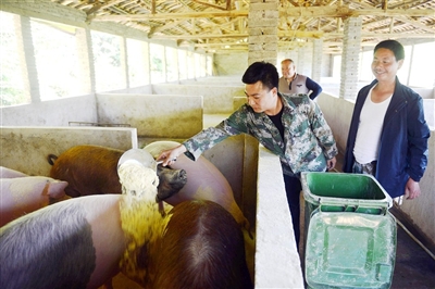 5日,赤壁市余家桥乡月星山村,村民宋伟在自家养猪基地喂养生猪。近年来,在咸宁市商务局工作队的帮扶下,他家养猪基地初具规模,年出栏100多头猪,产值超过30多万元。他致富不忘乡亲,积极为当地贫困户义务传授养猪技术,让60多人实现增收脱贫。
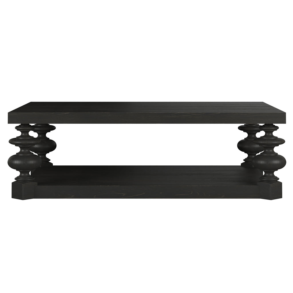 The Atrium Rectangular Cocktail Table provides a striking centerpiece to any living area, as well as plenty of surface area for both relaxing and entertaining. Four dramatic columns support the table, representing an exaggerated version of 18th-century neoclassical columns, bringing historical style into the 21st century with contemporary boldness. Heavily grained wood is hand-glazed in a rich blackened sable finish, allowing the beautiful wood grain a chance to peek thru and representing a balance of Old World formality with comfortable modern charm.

^^^^^^^^

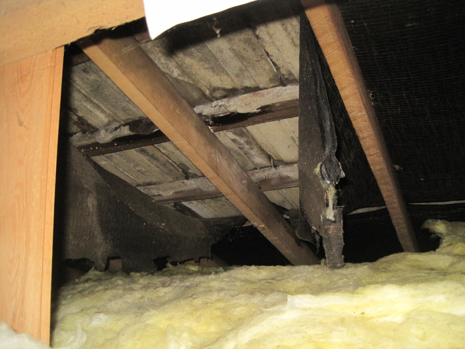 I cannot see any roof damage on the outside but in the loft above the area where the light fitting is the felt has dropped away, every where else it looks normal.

^^^^^^^^

What you need to produce is an exact copy of the entries above, limited to the lines from the one with "5日,赤壁市余家桥乡月星山村" up to and including the one with "The Atrium Rectangular", without pictures.

RESPONSE →
 5日,赤壁市余家桥乡月星山村,村民宋伟在自家养猪基地喂养生猪。近年来,在咸宁市商务局工作队的帮扶下,他家养猪基地初具规模,年出栏100多头猪,产值超过30多万元。他致富不忘乡亲,积极为当地贫困户义务传授养猪技术,让60多人实现增收脱贫。
 The Atrium Rectangular Cocktail Table provides a striking centerpiece to any living area, as well as plenty of surface area for both relaxing and entertaining. Four dramatic columns support the table, representing an exaggerated version of 18th-century neoclassical columns, bringing historical style into the 21st century with contemporary boldness. Heavily grained wood is hand-glazed in a rich blackened sable finish, allowing the beautiful wood grain a chance to peek thru and representing a balance of Old World formality with comfortable modern charm.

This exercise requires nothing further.